WHERE age > 60 AND city = `SAN JOSE' AND salary < 60,000

This query asks for the name, age, and salary of each employee who is over age 60, lives in San Jose, and makes less than $60,000 annually in salary. Each filtering condition in the WHERE clause that is joined by AND is called a predicate. Since this query references only one table, there are no choices of join order or join method, yet the optimizer still may consider many possible ways for the DBMS to process this simple query. It can always sequentially scan all the rows in the table and apply each predicate to each row. Or, if the appropriate indexes exist, it could exploit one or more indexes to access only the rows satisfying one or more of the predicates. For example, an index on age would permit accessing only those rows where the value of age is greater than 60 and then applying the other predicates (on city and salary). Alternatively, an index on city would limit the access to those rows having city equal to "San Jose" and subsequently applying the other predicates (on age and salary) to those rows retrieved. Alternatively, indexes on multiple columns, for example a combined index on city and age, or a combined index on city and salary, might be exploited, if they existed, or strategies combining any of the indexes discussed above (so-called "index ANDing"). Which strategy might be preferable depends upon the characteristics of the database, the availability of various indexes, and how selective each predicate is, that is, how many rows are satisfied by each condition.

Most modern query optimizers determine the best query execution plan (QEP, or simply plan) for executing an SQL query by mathematically modeling the execution cost for each of many alternative QEPs and choosing the one with the lowest estimated cost. The execution cost is largely dependent upon the number of rows that will be processed by each operator in the QEP, so the optimizer first estimates this incrementally as each predicate is applied. Estimating the cardinality (i.e., number of rows) of a result, after one or more of the predicates have been applied, has been the subject of much research for over 20 years. (1-5) To avoid accessing the database when optimizing queries, this estimate typically begins with statistics of database characteristics, specifically, the number of rows for each table. The cardinality of each intermediate result is derived incrementally by multiplying the base table's cardinality by a filter factor--or selectivity--for each predicate in the query, which is derived from statistics on the columns affected by that predicate, such as its number of distinct values or a histogram of its distribution. The selectivity of a predicate P effectively represents the probability that any row in the table will satisfy P, and that selectivity depends upon the characteristics of the database. For example, in the query above, the predicate on city might be quite selective if the database were a worldwide database of a large, multinational company, but it might be a lot less selective if the database contained all the employees of some small start-up firm centered in San Jose. For the latter case, the predicates on age and/or salary would be more selective. The optimizer would tend to favor QEPs that could exploit indexes to apply the most selective predicates and QEPs that utilize simple table scans if there were no indexes, or if the optimizer estimated that most employees would satisfy all of the predicates. In DB2 * (Database 2 *), the choice of QEP is based solely upon the detailed cost estimate for each of the competing plans, and not upon such simplistic heuristics.

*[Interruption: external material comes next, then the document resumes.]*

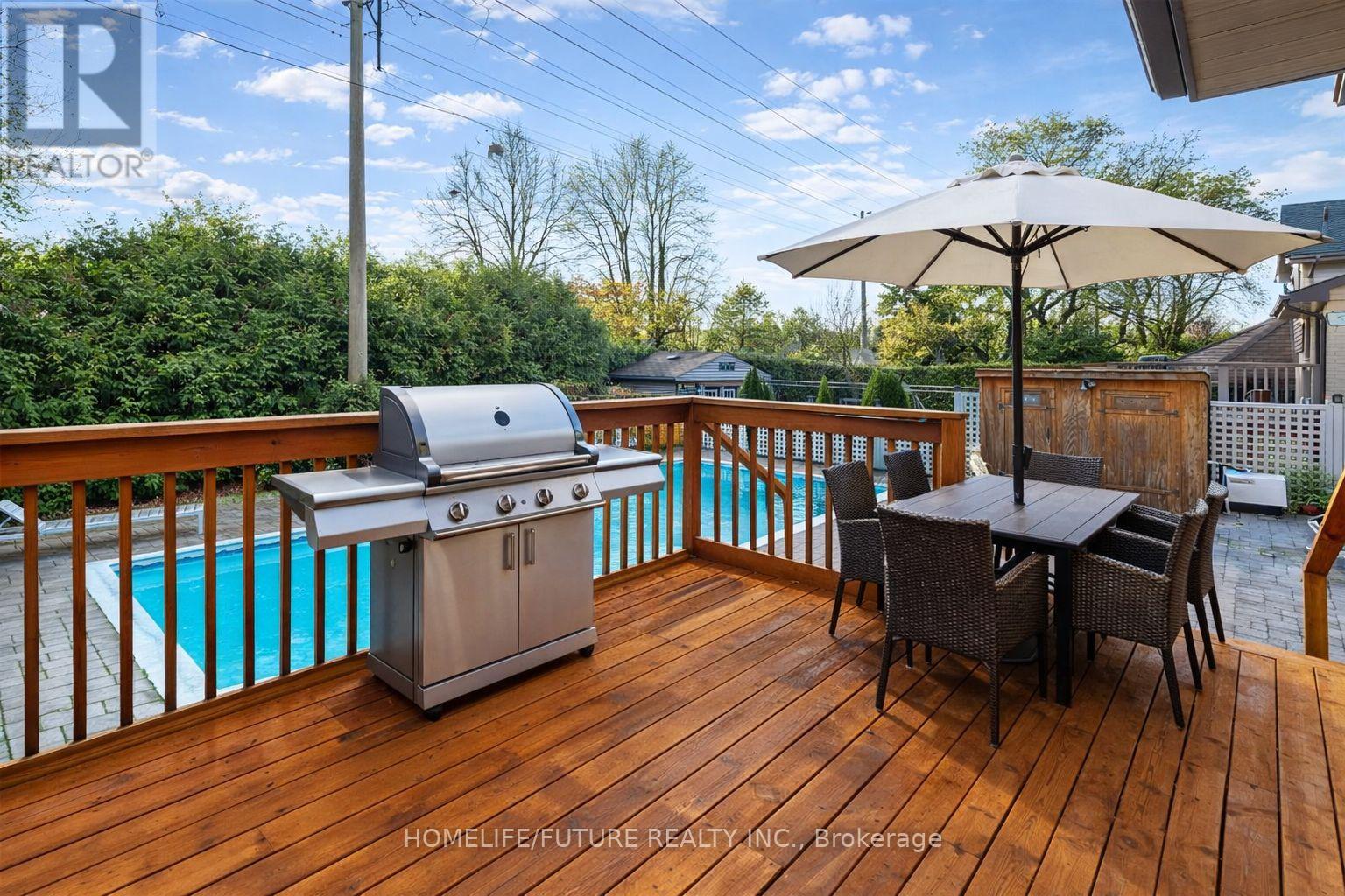 Beautiful detached family home set on a generous 55-ft lot in a sought-after neighbourhood. Enjoy a private inground pool and professionally landscaped backyard-perfect for relaxing or entertaining. The stunning new kitchen (2026) features quartz countertops and backsplash, an undermount sink, and stainless steel appliances. Bright and inviting living room with a gas fireplace, plus a spacious family room with a wood-burning fireplace and a walkout to the deck, offering multiple areas for lounging, dining, and entertaining. Hardwood and laminate flooring throughout the main and second floors. Ideally located within walking distance to transit, parks, schools, and shopping. Major updates include a furnace (2021), tankless water heater (2021), attic insulation (2021), new roof (2025), exterior paint (Oct 2025), sealed driveway (Oct 2025), fresh interior paint, a 200-amp electrical panel, Ring video doorbell, and Hornbill smart lock. (42000693)
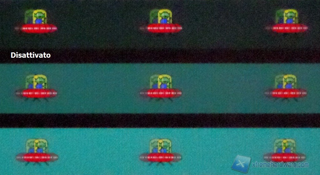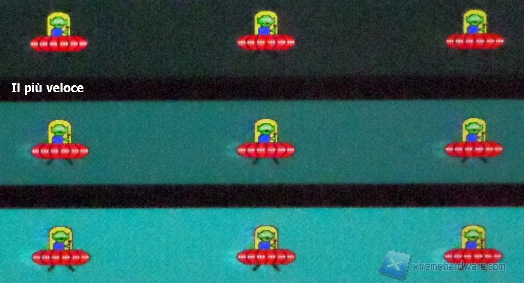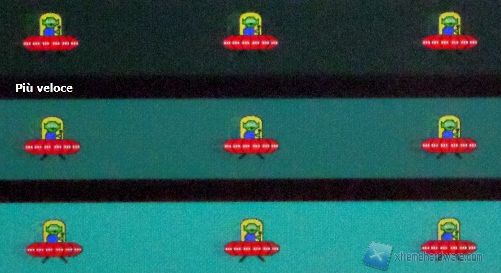 C’è poco da girarci intorno. Non è monitor gaming e la reattività non è il suo forte, ovviamente. Nell’analisi dei risultati medi, il setting “veloce” è quello che forse restituisce un comportamento migliore. Anche se potrebbe non sembrare dalle foto, i valori più spinti generano overshoot di segnale ben visibile ad occhio (maggiormente per il setting estremo), manifestando la scia più scura. In gaming l’effetto non è così evidente e si potrà provare anche il setting “più veloce”.

When there are multiple tables in the FROM clause of the query, the number of alternative strategies considered by the optimizer increases exponentially, because the myriad choices mentioned above are compounded with additional decisions about the order in which tables are joined and the method by which they are joined. DB2, for example, supports three major types of join method, and there are several variants within each of these. For a two-table join with a handful of predicates, the DB2 optimizer might consider over a hundred different plans; for six tables, the number of plans could be well over a thousand! The DB2 optimizer considers all of these alternatives automatically for the user, who is not even aware that it is going on!

Although query optimizers do a remarkably good job. of estimating both the cost and the cardinality of most queries, many assumptions underlie this mathematical model. Examples of these assumptions include: currency of information, uniformity, independence of predicates, and a principle of inclusion.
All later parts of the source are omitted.